§ Problem to work on: The whole listing below should be printed again exactly, with no images.

§ Data:
........

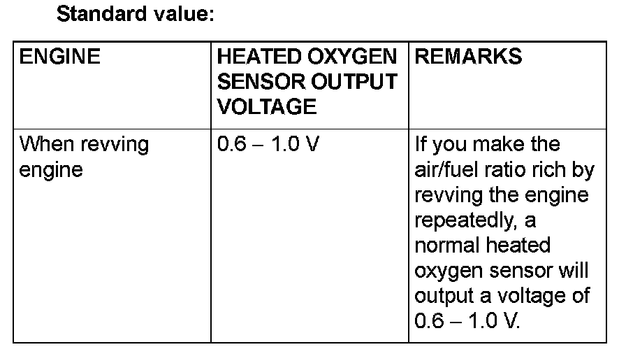 NOTE: If the temperature of sensing area does not reach the high temperature [of approximately 400 °C (752 °F) or more] even though the oxygen sensor is normal, the output voltage would be possibly low in spite of the rich air-fuel ratio.
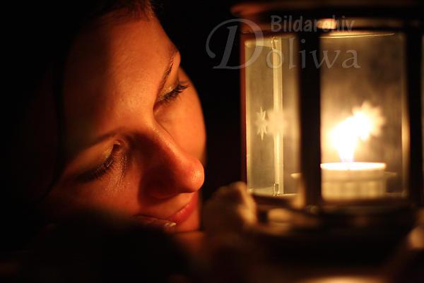 hübsches Mädel ins Lampenlicht, Frauengesicht Fotografie, Nahfoto in warmer Lichtstimmung eine Abendlampe
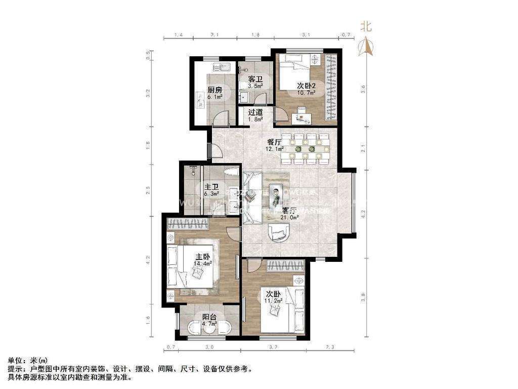 厅室3室2厅2卫1阳台
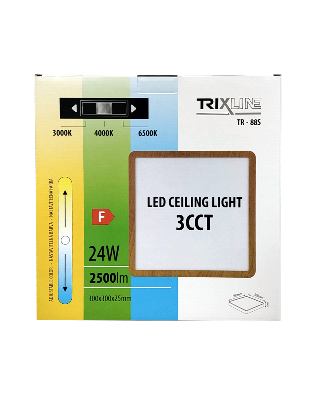 Modern és nagy teljesítményű LED mennyezeti lámpa 3CCT TR-88S Trixline – kiváló minőségű és egyenletes világítást biztosít 2500 lumen teljesítménnyel. Az állítható 3CCT lehetővé teszi meleg, semleges vagy hideg fehér fényszín (3000K/4000K/6500K) kiválasztását a tér hangulatához való optimális alkalmazkodás érdekében. Kellemes és hatékony világítás, amely megfelel az Ön esztétikai és gyakorlati igényeinek.
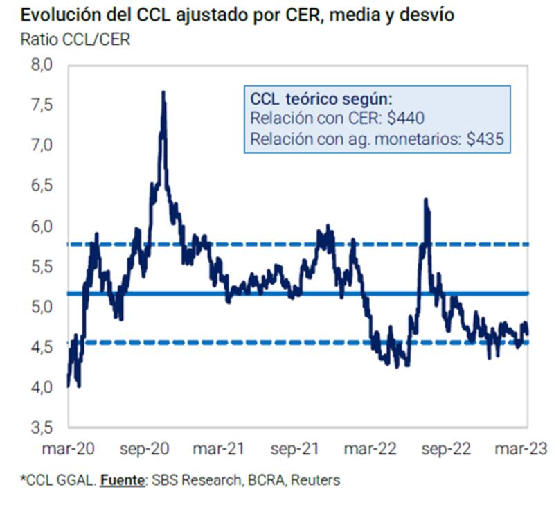 Los analistas de Grupo IEB estiman un valor de referencia para el CCL de $441 frente a un valor de $391 observado actualmente, lo que implica un preocupante desvío de 12,7%.

........

§ Response for this exercise:
 NOTE: If the temperature of sensing area does not reach the high temperature [of approximately 400 °C (752 °F) or more] even though the oxygen sensor is normal, the output voltage would be possibly low in spite of the rich air-fuel ratio.
 hübsches Mädel ins Lampenlicht, Frauengesicht Fotografie, Nahfoto in warmer Lichtstimmung eine Abendlampe
 厅室3室2厅2卫1阳台
 Modern és nagy teljesítményű LED mennyezeti lámpa 3CCT TR-88S Trixline – kiváló minőségű és egyenletes világítást biztosít 2500 lumen teljesítménnyel. Az állítható 3CCT lehetővé teszi meleg, semleges vagy hideg fehér fényszín (3000K/4000K/6500K) kiválasztását a tér hangulatához való optimális alkalmazkodás érdekében. Kellemes és hatékony világítás, amely megfelel az Ön esztétikai és gyakorlati igényeinek.
 Los analistas de Grupo IEB estiman un valor de referencia para el CCL de $441 frente a un valor de $391 observado actualmente, lo que implica un preocupante desvío de 12,7%.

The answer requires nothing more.